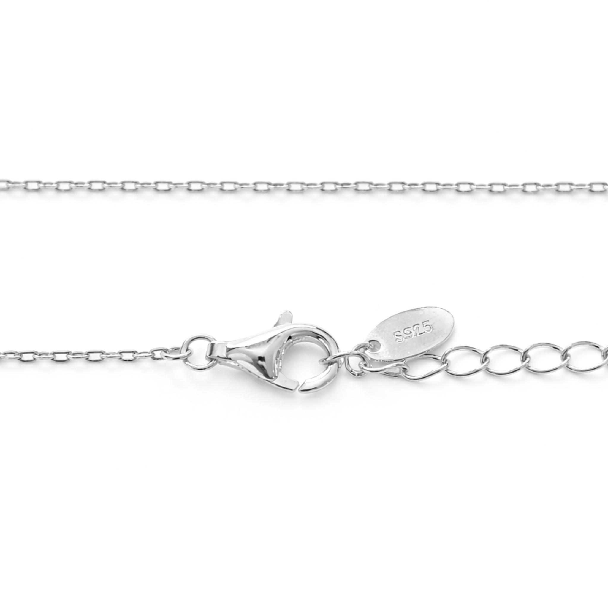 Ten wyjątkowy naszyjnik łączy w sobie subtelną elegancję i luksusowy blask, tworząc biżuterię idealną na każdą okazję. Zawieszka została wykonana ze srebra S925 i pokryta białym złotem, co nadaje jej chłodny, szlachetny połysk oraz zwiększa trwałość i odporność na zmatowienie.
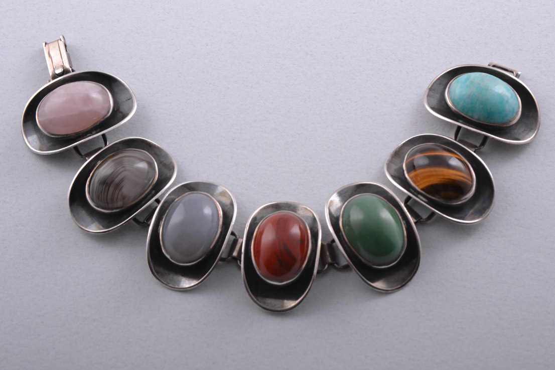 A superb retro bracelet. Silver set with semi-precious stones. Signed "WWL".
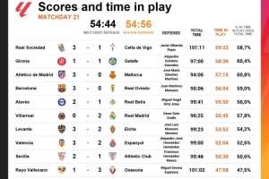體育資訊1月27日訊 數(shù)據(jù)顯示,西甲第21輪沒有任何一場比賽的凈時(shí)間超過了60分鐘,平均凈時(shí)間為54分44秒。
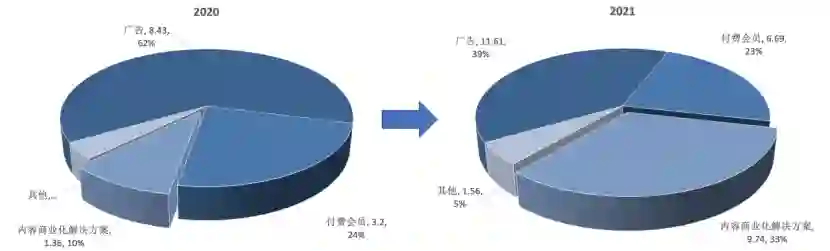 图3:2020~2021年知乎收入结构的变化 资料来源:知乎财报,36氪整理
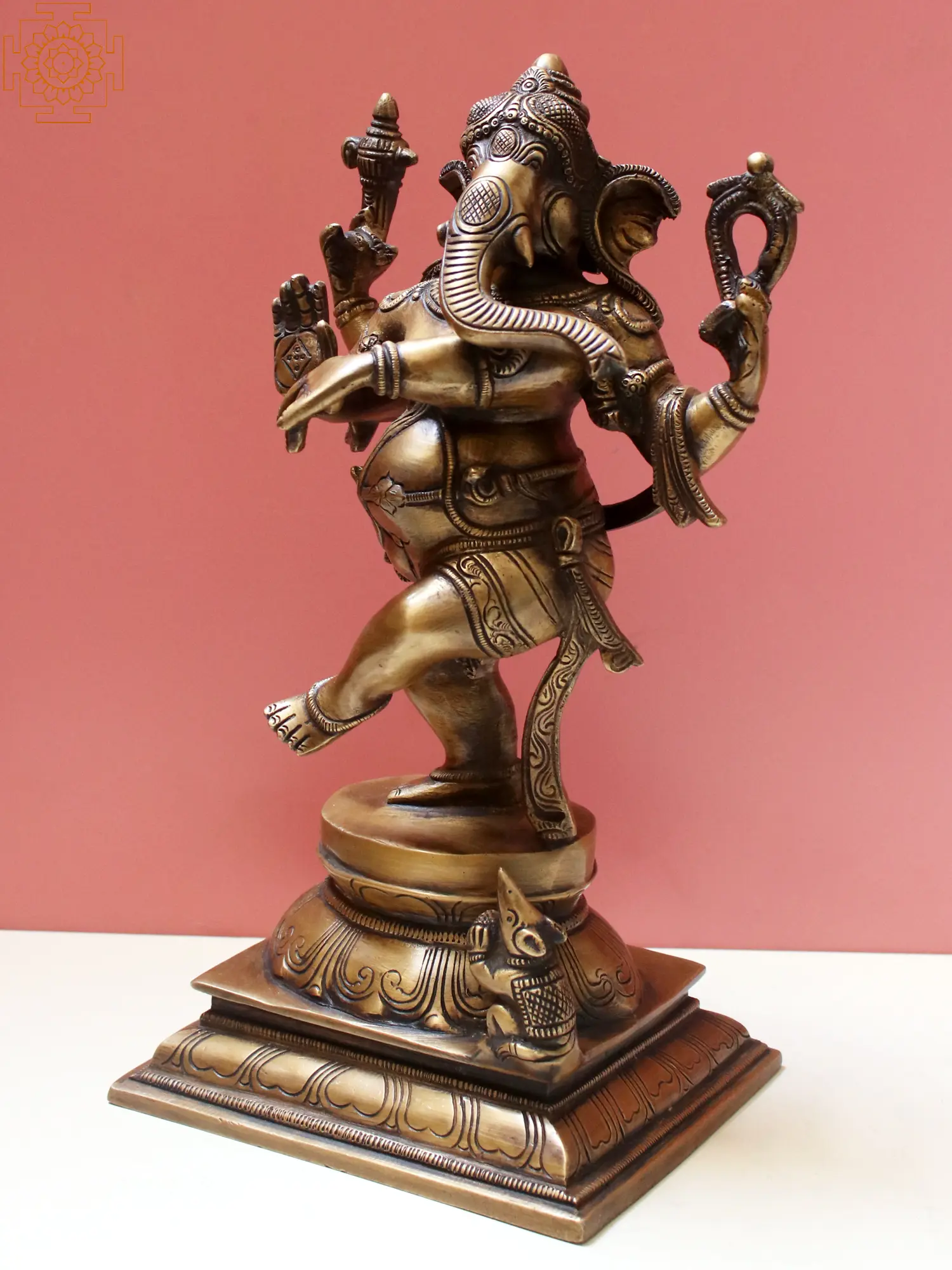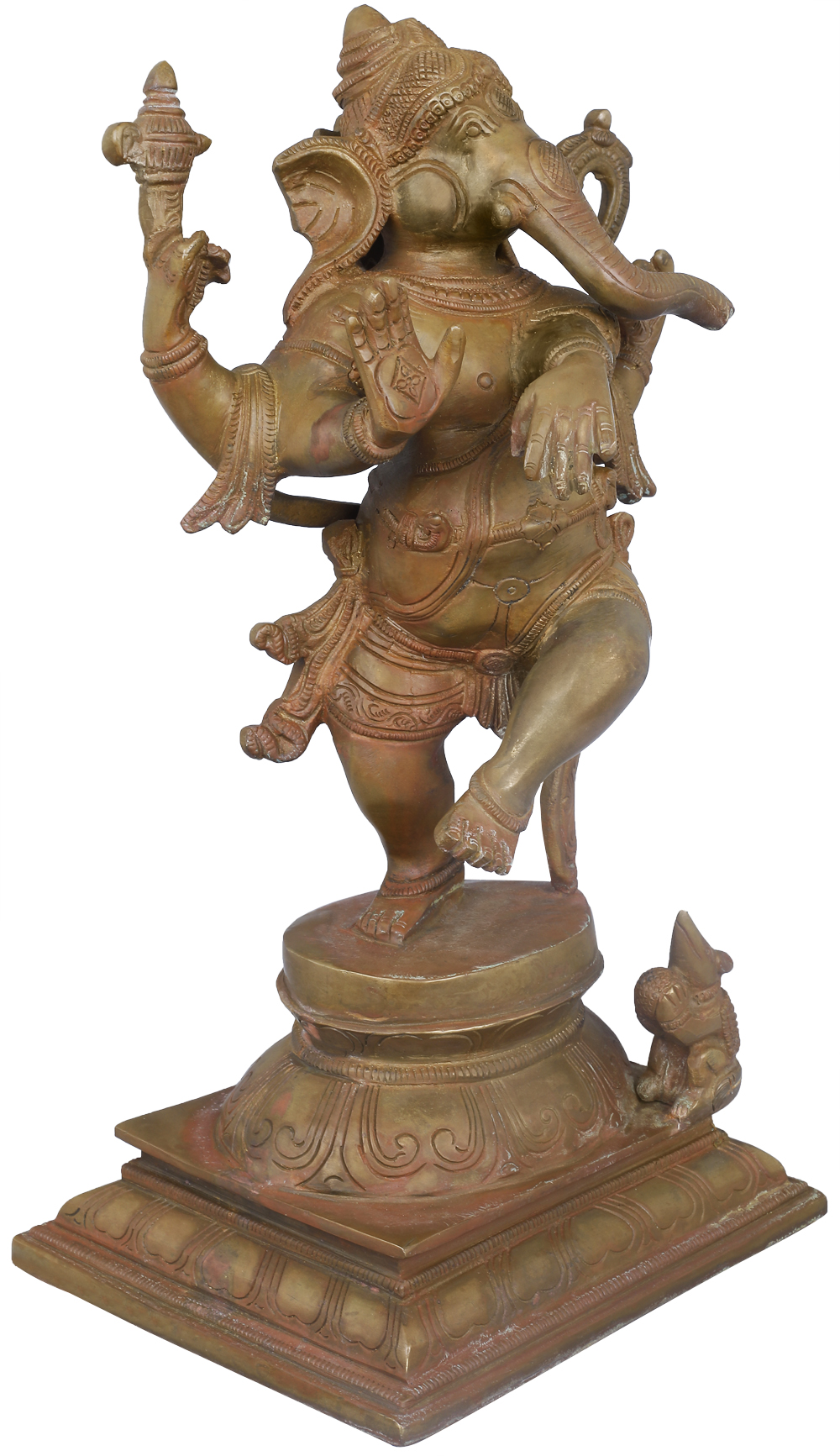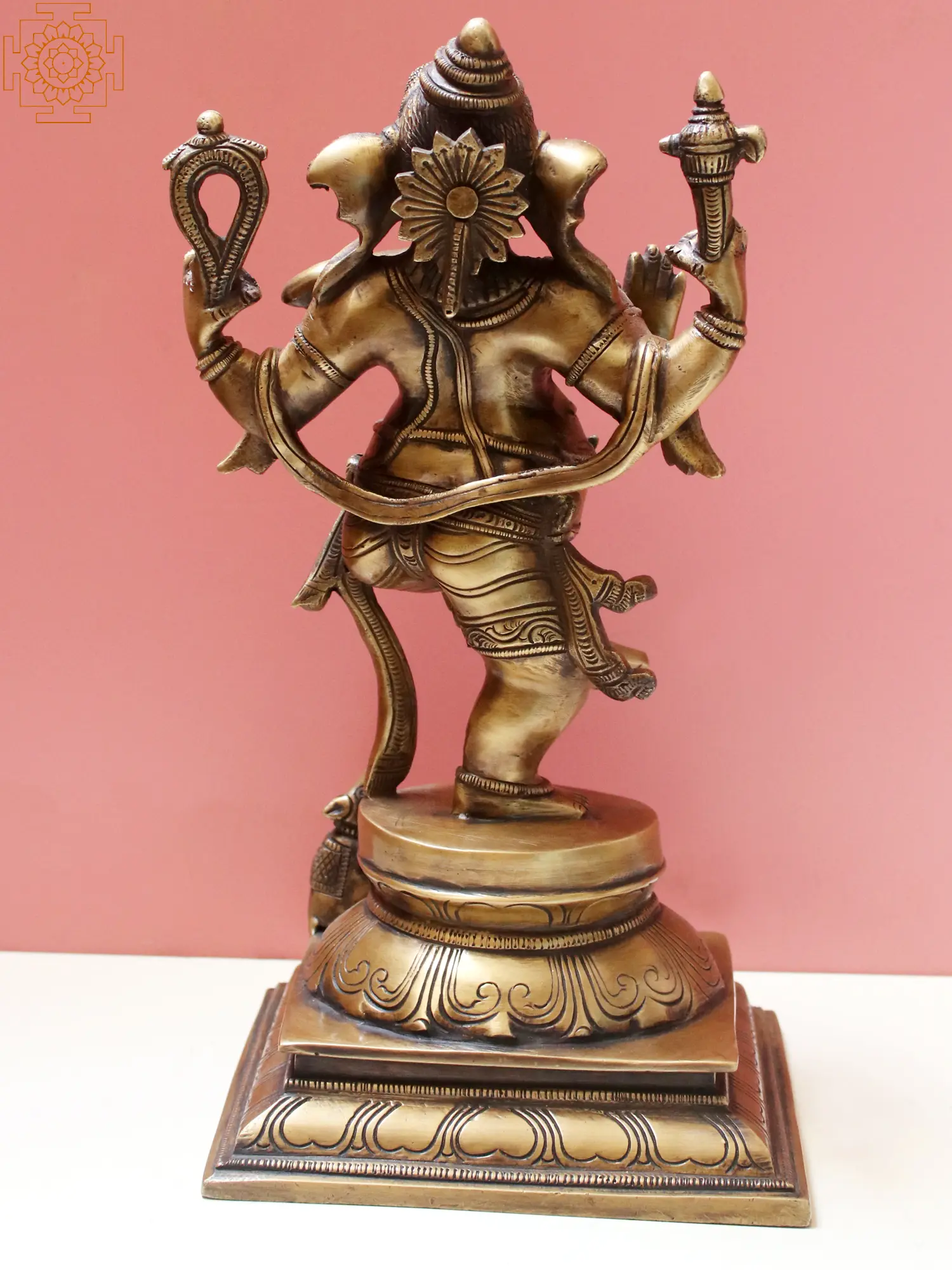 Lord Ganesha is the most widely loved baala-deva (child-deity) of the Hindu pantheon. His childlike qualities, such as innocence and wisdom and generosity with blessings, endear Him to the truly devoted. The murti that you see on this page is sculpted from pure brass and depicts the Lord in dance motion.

********

Please repeat the records above word for word, and do not include the pictures.

 Ten wyjątkowy naszyjnik łączy w sobie subtelną elegancję i luksusowy blask, tworząc biżuterię idealną na każdą okazję. Zawieszka została wykonana ze srebra S925 i pokryta białym złotem, co nadaje jej chłodny, szlachetny połysk oraz zwiększa trwałość i odporność na zmatowienie.
 A superb retro bracelet. Silver set with semi-precious stones. Signed "WWL".
體育資訊1月27日訊 數(shù)據(jù)顯示,西甲第21輪沒有任何一場比賽的凈時(shí)間超過了60分鐘,平均凈時(shí)間為54分44秒。
 图3:2020~2021年知乎收入结构的变化 资料来源:知乎财报,36氪整理
 Lord Ganesha is the most widely loved baala-deva (child-deity) of the Hindu pantheon. His childlike qualities, such as innocence and wisdom and generosity with blessings, endear Him to the truly devoted. The murti that you see on this page is sculpted from pure brass and depicts the Lord in dance motion.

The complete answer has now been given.